_Exercise_
Reproduce the records below exactly as they appear, omitting any pictures they contain.

(Stored items from a collection)
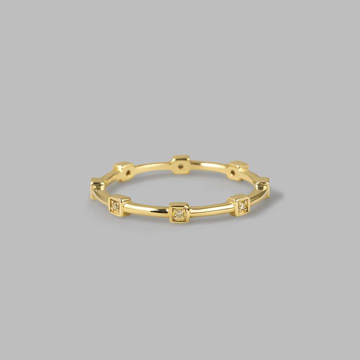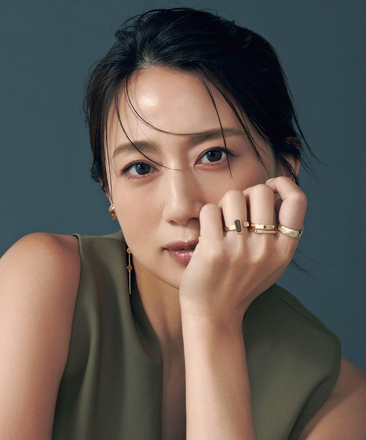 レイヤードしやすいジュエリーが揃うNEWライン。リングは同じ指に重ねても、隣り合わせに並べても、そしてその順序を変えても、また違った印象に。さまざまな楽しみ方ができるのもジュエリーコーデの醍醐味です。リング 薬指:(K10YG×スモーキークォーツ×ホワイトトパーズ)¥90,200中指:指元(K10YG×クリアクォーツ)¥68,200 指先(K10YG×スモーキークォーツ)¥68,200人差し指:(K10YG×クリアクォーツ)¥110,000ピアス(K10YG)¥15,400イヤカフ 上(K10YG×ブラウンダイヤモンド)¥33,000 下(SV〈K18YGコーティング〉×スモーキークォーツ)¥15,400(すべて4°C/エフ・ディ・シィ・プロダクツ)ベスト¥35,200(ハイク/ボウルズ)タンクトップ¥11,000(アルページュストーリー)
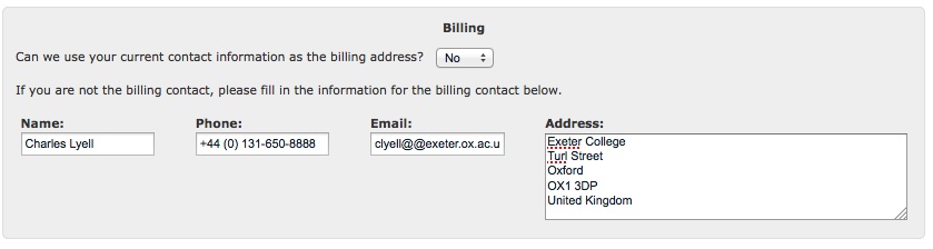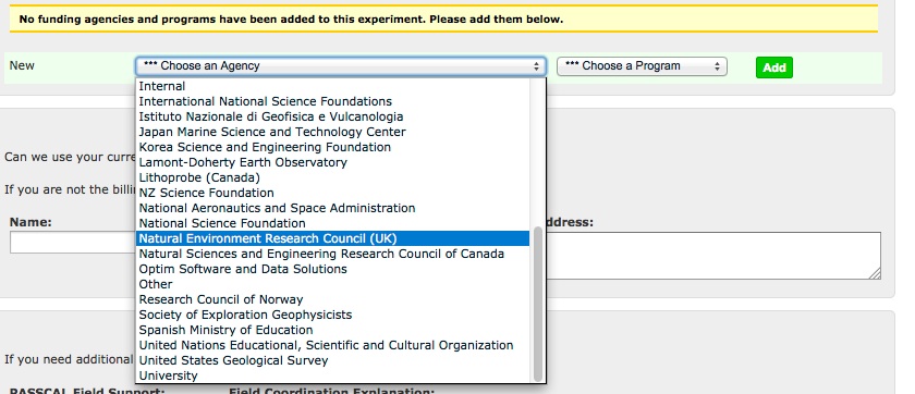 While EarthScope/EPIC does not charge PIs for the use of instruments, PIs must pay for shipping and support costs. If the bills for these expenses should be sent to you, the main (submitting) PI, select "Yes" from the dropdown labeled "Can we use your current contact information as the billing address?" Otherwise, select "No" for this dropdown, and enter the billee's name, phone, email and address, as shown.
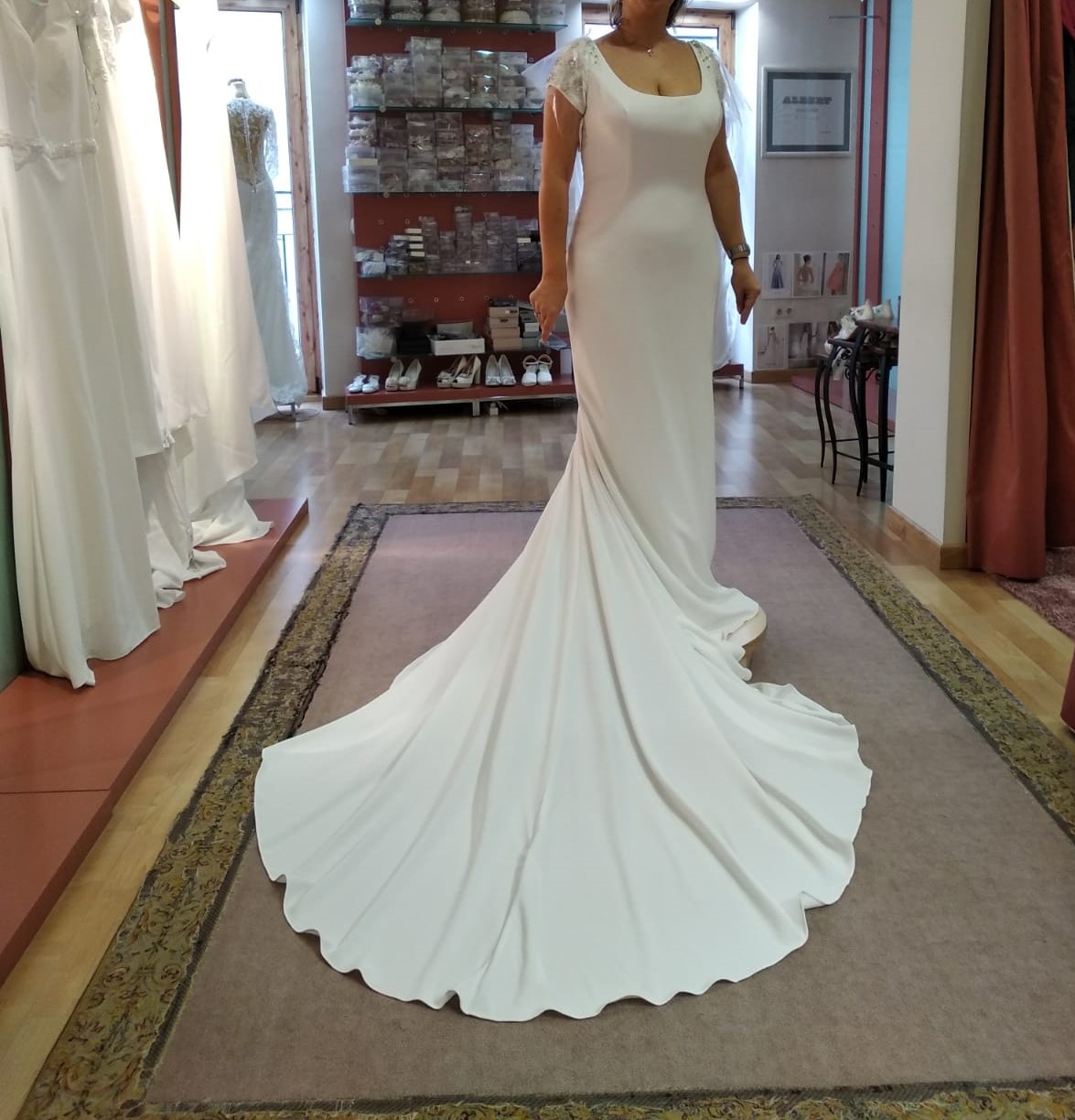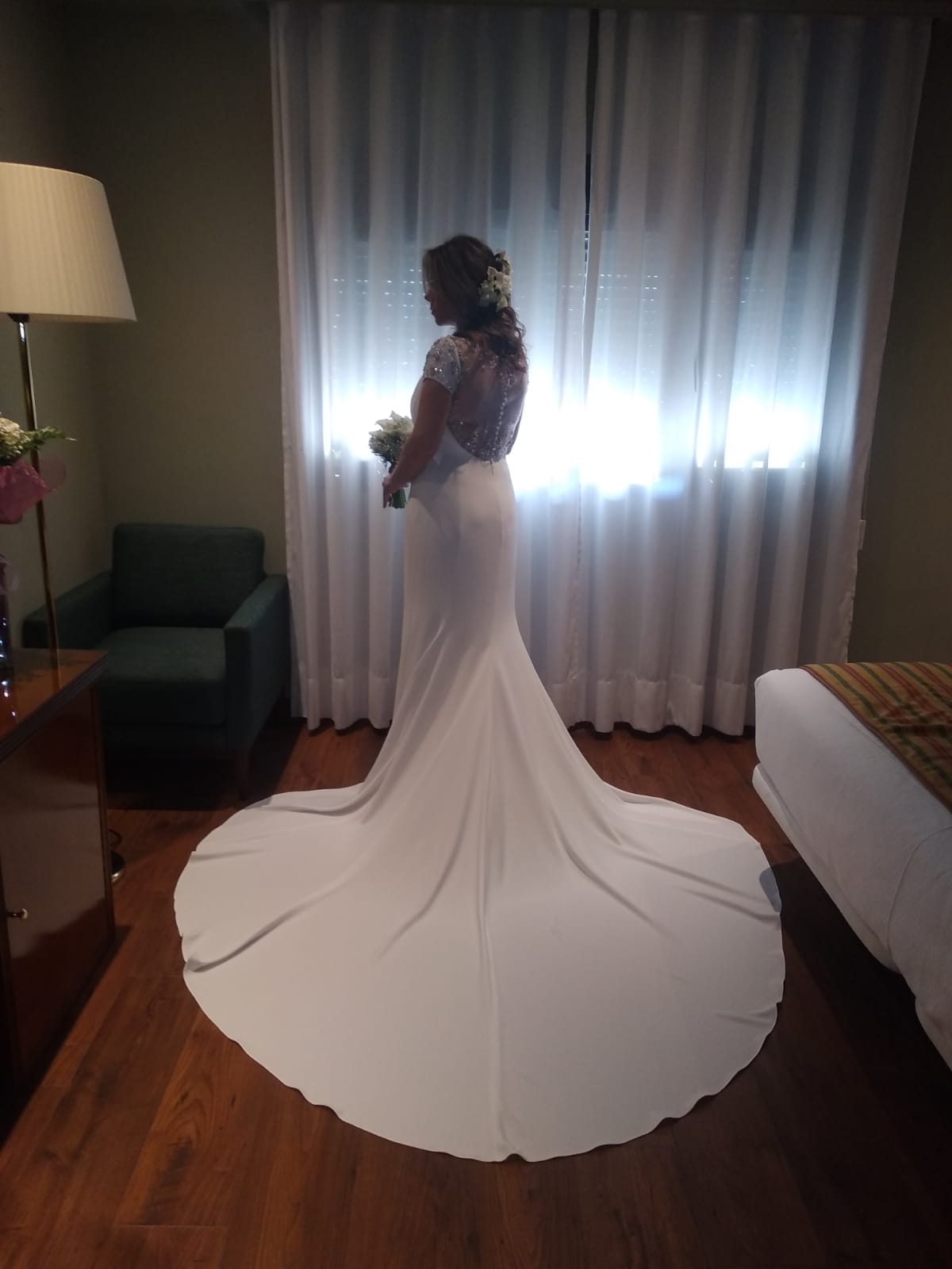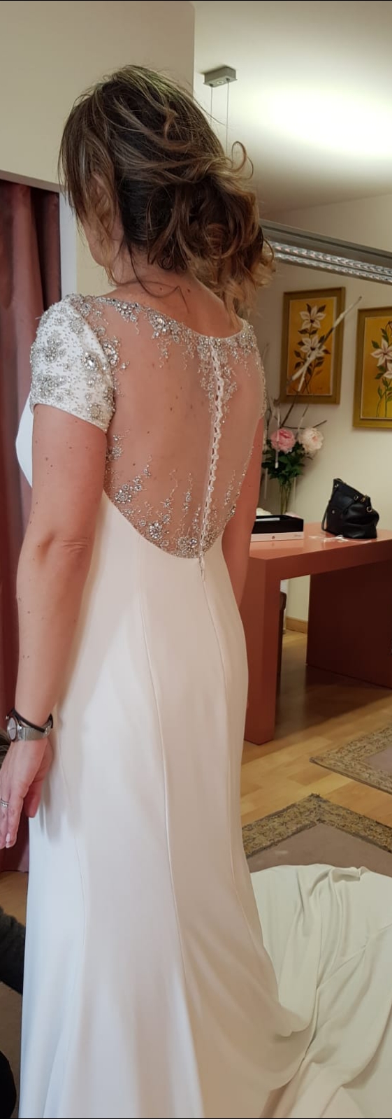 Me casé en el mes de Mayo, y el vestido se encuentra en la tintorería (intacto) lo vendo por no tener sitio donde guardarlo, para quien quiera algo sencillo y elegante este sería su vestido, está practicamente hecho a medida (la talla es una 40 y altura 1.68) lleva cola, y la espalda de cristal de swarovski. Pongo 3 fotos pero si necesitais ver algo mas os pasaría mas. Es una ocasión perfecta
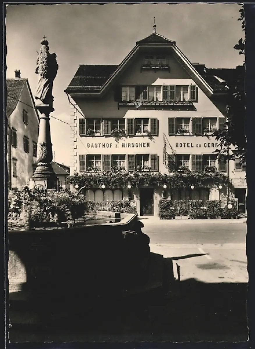 AK Sursee, Hotel Hirschen mit Brunnen und Säulendenkmal
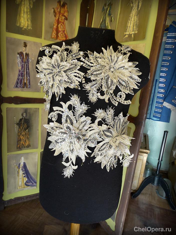 - В костюмах много камней. Мы старались делать отделку, чтобы было красиво и эффектно, - пояснила художник по костюмам Елена Сластникова. - Время и место, где все происходит, предполагает лоск, богатство и блеск. Тем более речь идет об известной балерине, у которой своя балетная труппа. Она дива! У нее всегда был яркий образ. От заказчика (прим. - французский продюсерский центр «Arame Production») было пожелание, чтобы в костюмах было больше прозрачности. Это нужно, чтобы тело лучше читалось. Наряду с легкостью и воздушностью в костюмах есть некая жесткость. Мы использовали довольно графичные образы. Среди декораций есть витражи в виде решеток, орнамент на костюмах повторяет их.
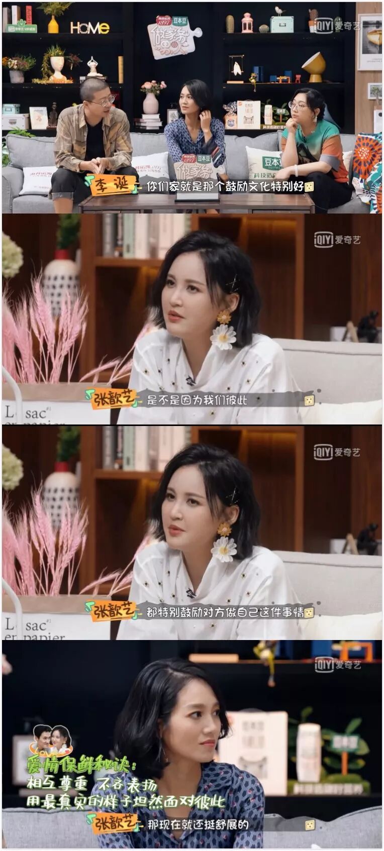 在《做家务的男人》节目中,张歆艺坦言之所以结婚三年还能“过的挺舒展”,最有帮助的一点就是相互鼓励支持。

_Expected output_
 レイヤードしやすいジュエリーが揃うNEWライン。リングは同じ指に重ねても、隣り合わせに並べても、そしてその順序を変えても、また違った印象に。さまざまな楽しみ方ができるのもジュエリーコーデの醍醐味です。リング 薬指:(K10YG×スモーキークォーツ×ホワイトトパーズ)¥90,200中指:指元(K10YG×クリアクォーツ)¥68,200 指先(K10YG×スモーキークォーツ)¥68,200人差し指:(K10YG×クリアクォーツ)¥110,000ピアス(K10YG)¥15,400イヤカフ 上(K10YG×ブラウンダイヤモンド)¥33,000 下(SV〈K18YGコーティング〉×スモーキークォーツ)¥15,400(すべて4°C/エフ・ディ・シィ・プロダクツ)ベスト¥35,200(ハイク/ボウルズ)タンクトップ¥11,000(アルページュストーリー)
 While EarthScope/EPIC does not charge PIs for the use of instruments, PIs must pay for shipping and support costs. If the bills for these expenses should be sent to you, the main (submitting) PI, select "Yes" from the dropdown labeled "Can we use your current contact information as the billing address?" Otherwise, select "No" for this dropdown, and enter the billee's name, phone, email and address, as shown.
 Me casé en el mes de Mayo, y el vestido se encuentra en la tintorería (intacto) lo vendo por no tener sitio donde guardarlo, para quien quiera algo sencillo y elegante este sería su vestido, está practicamente hecho a medida (la talla es una 40 y altura 1.68) lleva cola, y la espalda de cristal de swarovski. Pongo 3 fotos pero si necesitais ver algo mas os pasaría mas. Es una ocasión perfecta
 AK Sursee, Hotel Hirschen mit Brunnen und Säulendenkmal
 - В костюмах много камней. Мы старались делать отделку, чтобы было красиво и эффектно, - пояснила художник по костюмам Елена Сластникова. - Время и место, где все происходит, предполагает лоск, богатство и блеск. Тем более речь идет об известной балерине, у которой своя балетная труппа. Она дива! У нее всегда был яркий образ. От заказчика (прим. - французский продюсерский центр «Arame Production») было пожелание, чтобы в костюмах было больше прозрачности. Это нужно, чтобы тело лучше читалось. Наряду с легкостью и воздушностью в костюмах есть некая жесткость. Мы использовали довольно графичные образы. Среди декораций есть витражи в виде решеток, орнамент на костюмах повторяет их.
 在《做家务的男人》节目中,张歆艺坦言之所以结婚三年还能“过的挺舒展”,最有帮助的一点就是相互鼓励支持。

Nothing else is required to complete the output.